# [Data to use]
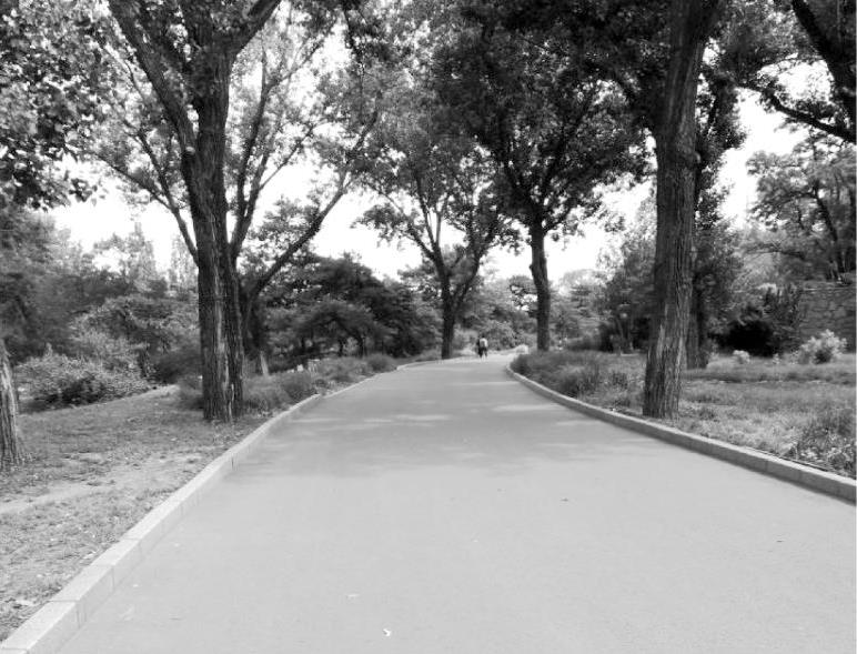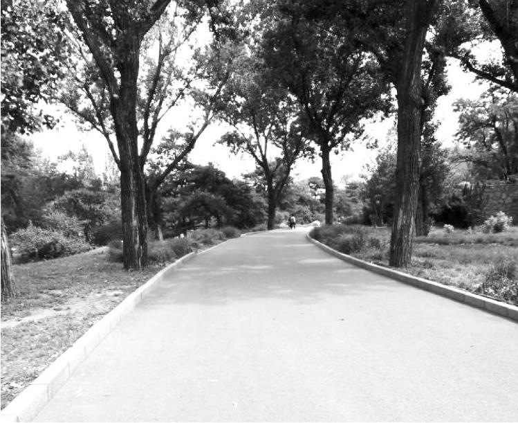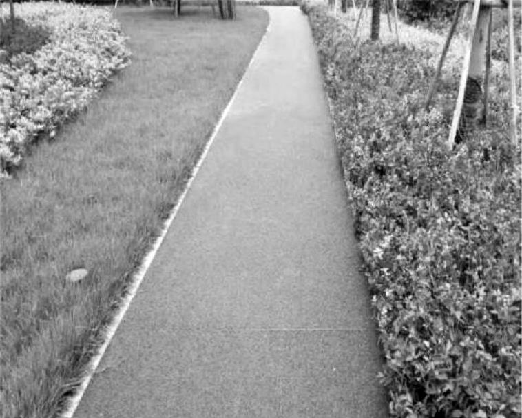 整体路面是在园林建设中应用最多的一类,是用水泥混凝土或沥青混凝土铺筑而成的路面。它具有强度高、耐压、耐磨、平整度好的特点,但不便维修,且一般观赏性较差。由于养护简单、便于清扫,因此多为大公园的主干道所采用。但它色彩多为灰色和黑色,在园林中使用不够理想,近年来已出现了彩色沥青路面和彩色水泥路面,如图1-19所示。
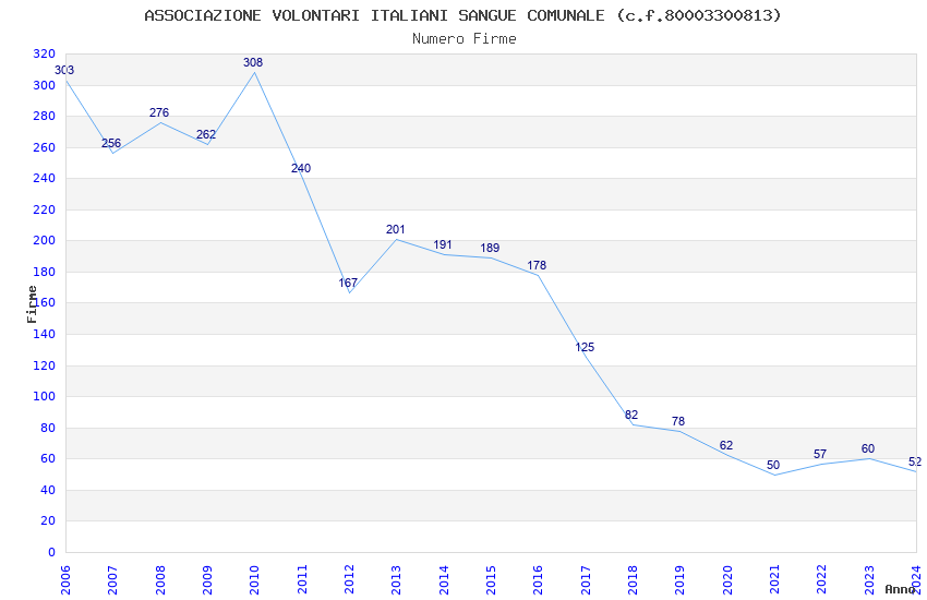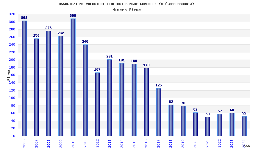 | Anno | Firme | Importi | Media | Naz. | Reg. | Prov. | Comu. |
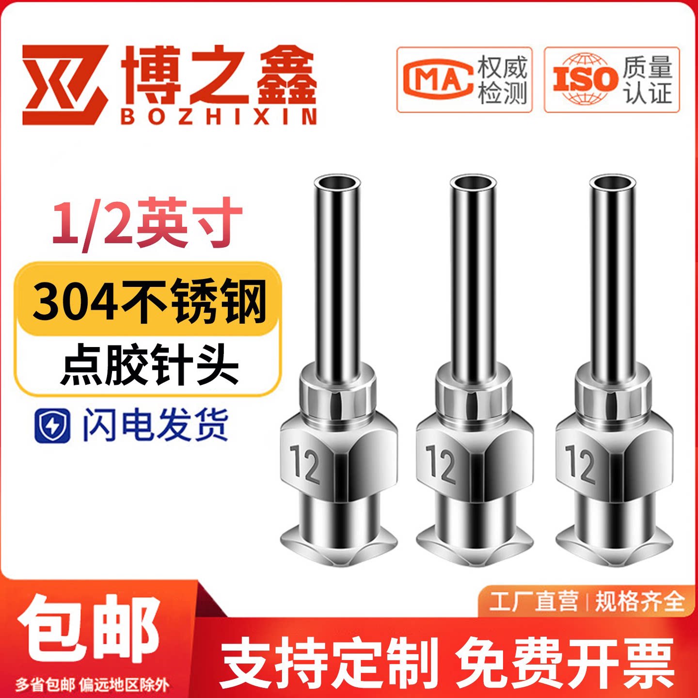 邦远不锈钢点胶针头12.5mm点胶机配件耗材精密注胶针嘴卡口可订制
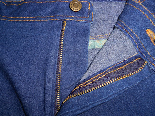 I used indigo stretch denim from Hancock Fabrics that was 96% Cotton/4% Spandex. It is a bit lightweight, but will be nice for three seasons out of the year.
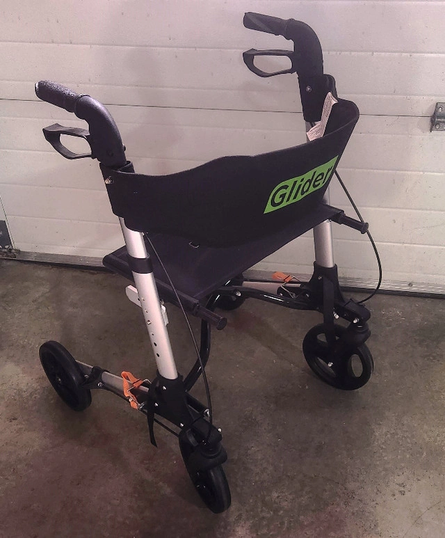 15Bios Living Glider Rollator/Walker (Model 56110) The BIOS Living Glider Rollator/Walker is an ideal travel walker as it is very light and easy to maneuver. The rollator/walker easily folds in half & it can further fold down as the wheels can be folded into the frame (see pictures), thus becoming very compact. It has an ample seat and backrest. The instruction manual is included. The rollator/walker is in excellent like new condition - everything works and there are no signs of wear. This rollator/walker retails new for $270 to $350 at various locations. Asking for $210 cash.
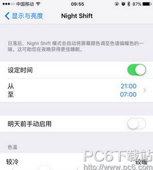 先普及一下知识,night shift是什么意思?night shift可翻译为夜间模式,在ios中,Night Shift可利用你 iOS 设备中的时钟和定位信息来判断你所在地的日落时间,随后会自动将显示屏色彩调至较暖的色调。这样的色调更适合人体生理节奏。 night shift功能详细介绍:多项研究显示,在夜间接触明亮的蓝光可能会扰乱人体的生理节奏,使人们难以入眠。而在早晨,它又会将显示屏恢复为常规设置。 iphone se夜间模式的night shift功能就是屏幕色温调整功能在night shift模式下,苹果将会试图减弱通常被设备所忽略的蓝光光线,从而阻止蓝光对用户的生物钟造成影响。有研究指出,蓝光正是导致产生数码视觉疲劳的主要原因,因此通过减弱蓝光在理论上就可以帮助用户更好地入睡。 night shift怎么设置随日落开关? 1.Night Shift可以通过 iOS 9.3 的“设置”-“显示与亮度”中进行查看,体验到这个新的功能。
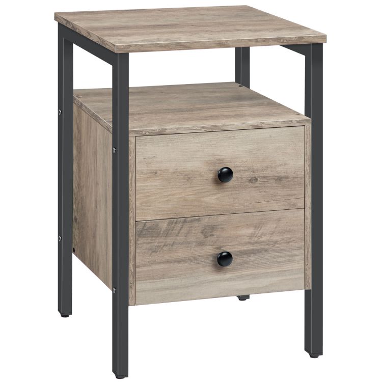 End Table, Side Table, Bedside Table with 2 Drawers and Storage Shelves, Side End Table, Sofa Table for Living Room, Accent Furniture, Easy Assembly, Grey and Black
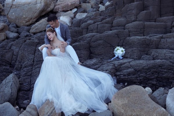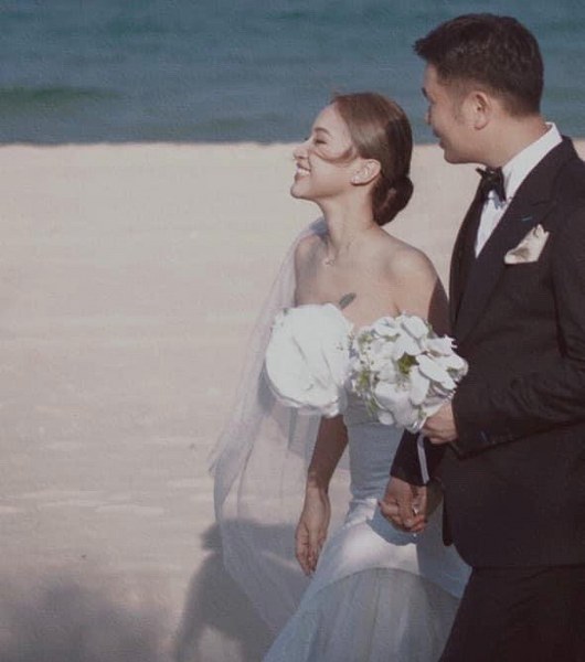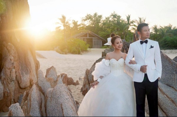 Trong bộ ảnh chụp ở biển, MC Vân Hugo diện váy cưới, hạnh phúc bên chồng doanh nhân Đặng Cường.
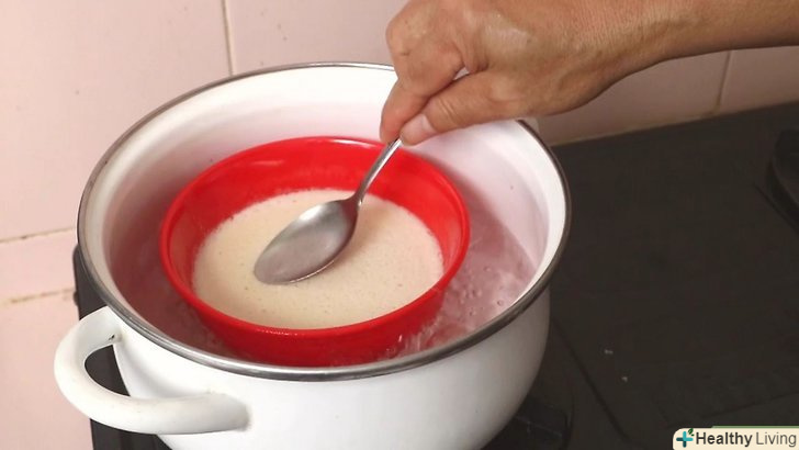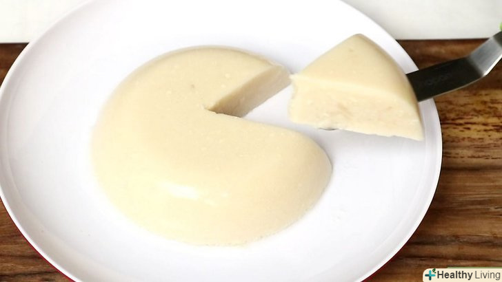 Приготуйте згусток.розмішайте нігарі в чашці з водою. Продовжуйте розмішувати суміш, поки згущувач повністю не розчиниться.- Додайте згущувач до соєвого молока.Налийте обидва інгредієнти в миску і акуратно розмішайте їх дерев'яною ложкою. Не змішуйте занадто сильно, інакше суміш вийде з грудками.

# [What the task requires]
Reproduce exactly the entries from their first line through the line containing "I used indigo", including both, and omit any pictures.

# [Exercise answer]
 整体路面是在园林建设中应用最多的一类,是用水泥混凝土或沥青混凝土铺筑而成的路面。它具有强度高、耐压、耐磨、平整度好的特点,但不便维修,且一般观赏性较差。由于养护简单、便于清扫,因此多为大公园的主干道所采用。但它色彩多为灰色和黑色,在园林中使用不够理想,近年来已出现了彩色沥青路面和彩色水泥路面,如图1-19所示。
 | Anno | Firme | Importi | Media | Naz. | Reg. | Prov. | Comu. |
 邦远不锈钢点胶针头12.5mm点胶机配件耗材精密注胶针嘴卡口可订制
 I used indigo stretch denim from Hancock Fabrics that was 96% Cotton/4% Spandex. It is a bit lightweight, but will be nice for three seasons out of the year.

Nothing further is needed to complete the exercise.